The administrators of Lehman Brothers International (Europe) have been intending to propose a scheme of arrangement under the English Companies Act to enable them to distribute several billions of dollars of assets held on trust by the company in the face of difficulties in establishing who was entitled to the trust assets; in particular, they had not received responses from all potentially interested clients, could not rely on the accuracy of the company’s records and had not received all the information requested from sub-custodians and other intermediaries. The proposed scheme was supported by a number of creditors and opposed by the London Investment Banking Association.

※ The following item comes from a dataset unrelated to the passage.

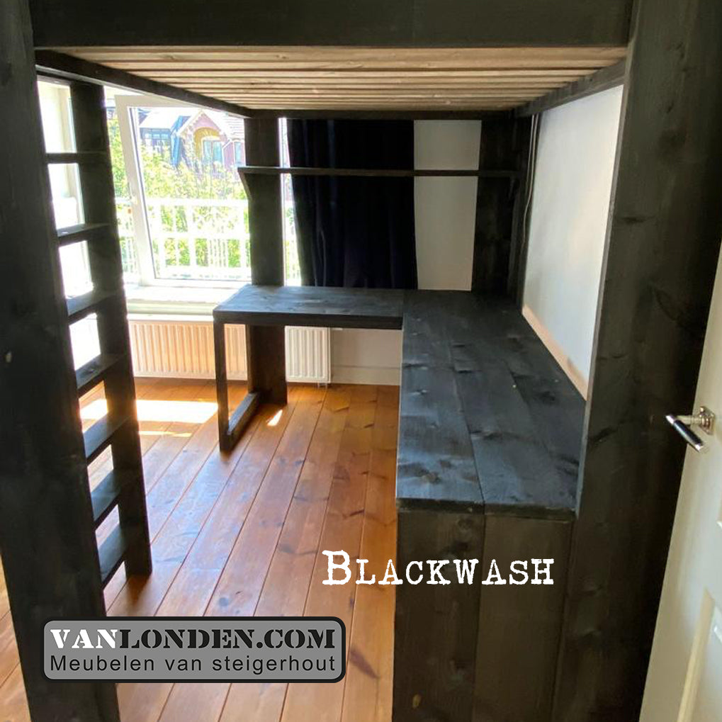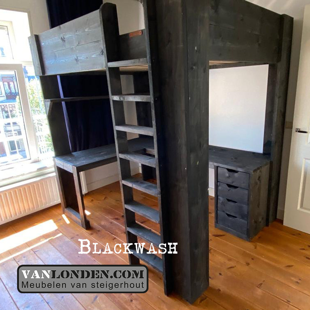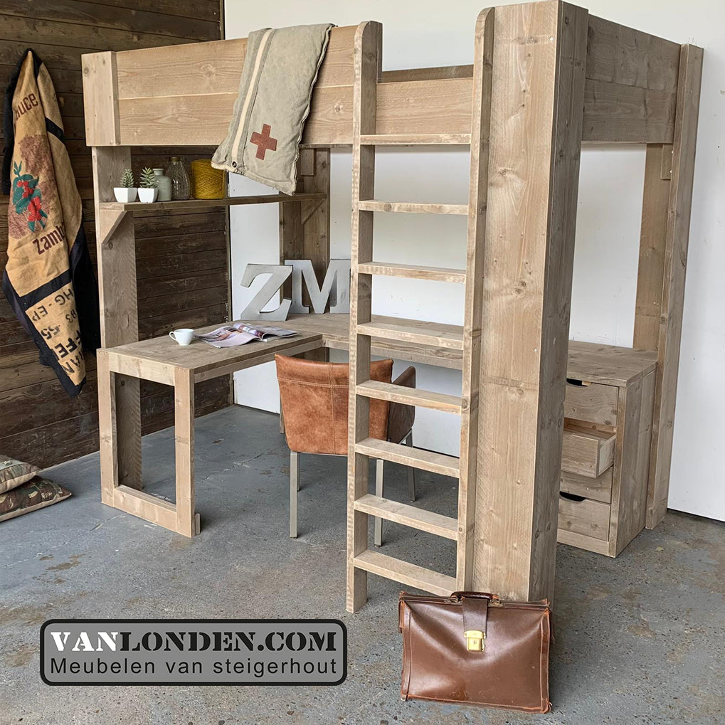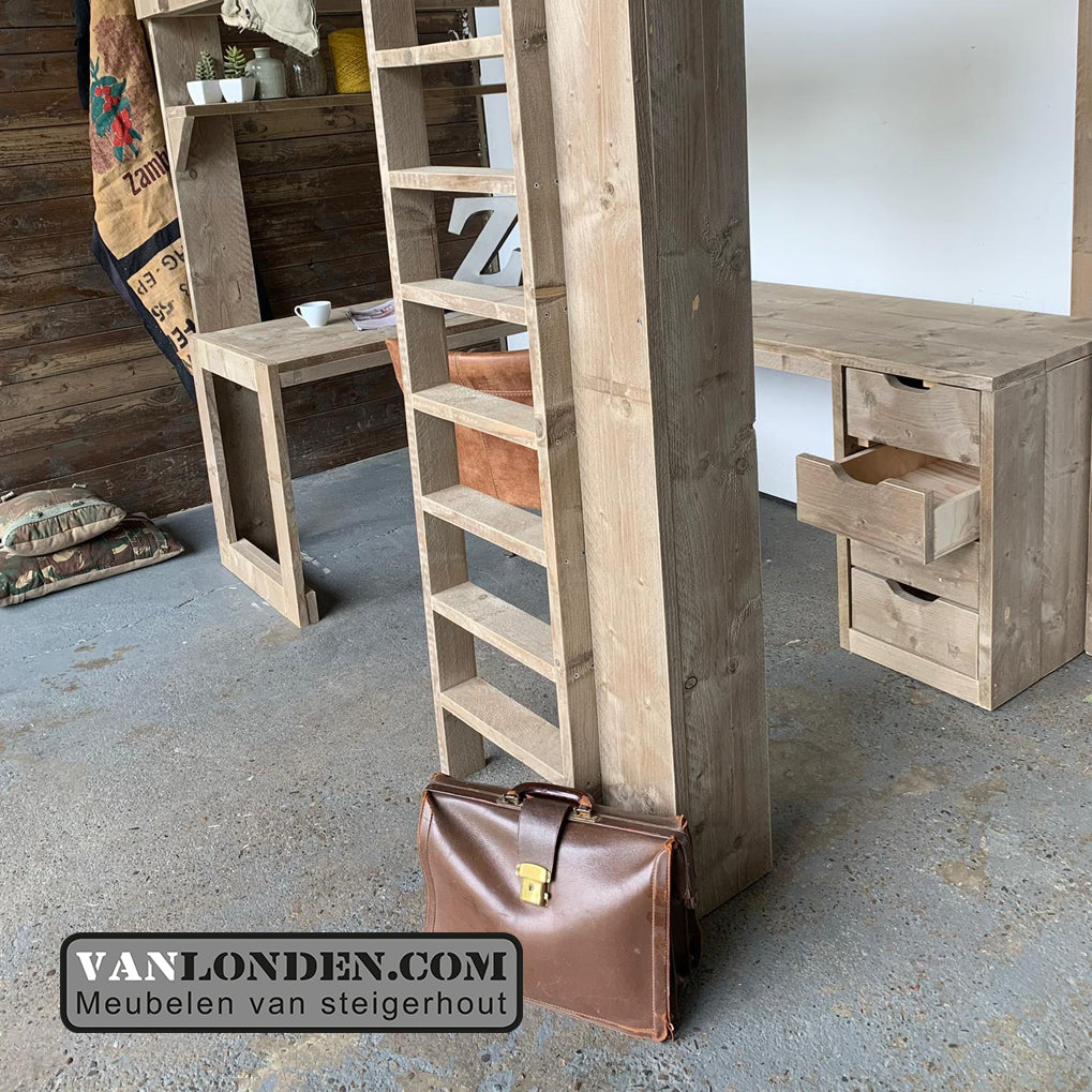 Deze steigerhouten hoogslaper Manu is een mooie oplossing voor slaapkamers met beperkte ruimte. De hoogslaper heeft onder het bed een ruime werk- en studeerplek. Naast het ruime hoekbureau zit een stevige trap naar de hoogslaper en aan de zijkant van het bed aan het bureau zit een praktische opbergruimte.

The administrators applied to the English Companies Court to determine whether the Court has jurisdiction to sanction a scheme in these circumstances.  The Court ruled in a judgment issued on 21 August 2009 (In the matter of Lehman Brothers International (Europe) (in administration) (No.2)) that, notwithstanding the wide construction of “compromise” and “arrangement”, the schemes jurisdiction only permits schemes which relate to arrangements between a company and its creditors (or members) in their capacity as creditors (or members). Accordingly, the Court did not have jurisdiction to sanction the proposed scheme.

What is in issue in this case is the property rights of those on whose behalf the company held the  assets on trust. Where a trustee holds property on trust for a beneficiary, the beneficiary is entitled to have the trust property administered in accordance with the terms of the trust and, if he so wishes, to have the trust property returned to him. These terms can be varied by agreement with the beneficiary but the schemes jurisdiction does not permit trust and property rights of beneficiaries who do not give their consent to be varied or extinguished.

The judge indicated at the end of his judgment that the ordinary trust jurisdiction provided a means of authorising a trustee to distribute a fund where there can be no certainty that all the claimants to it have been identified and the trustee desires the protection of a court order in case a further claimant should subsequently appear or matters subsequently come to light which question the basis on which the distribution is made.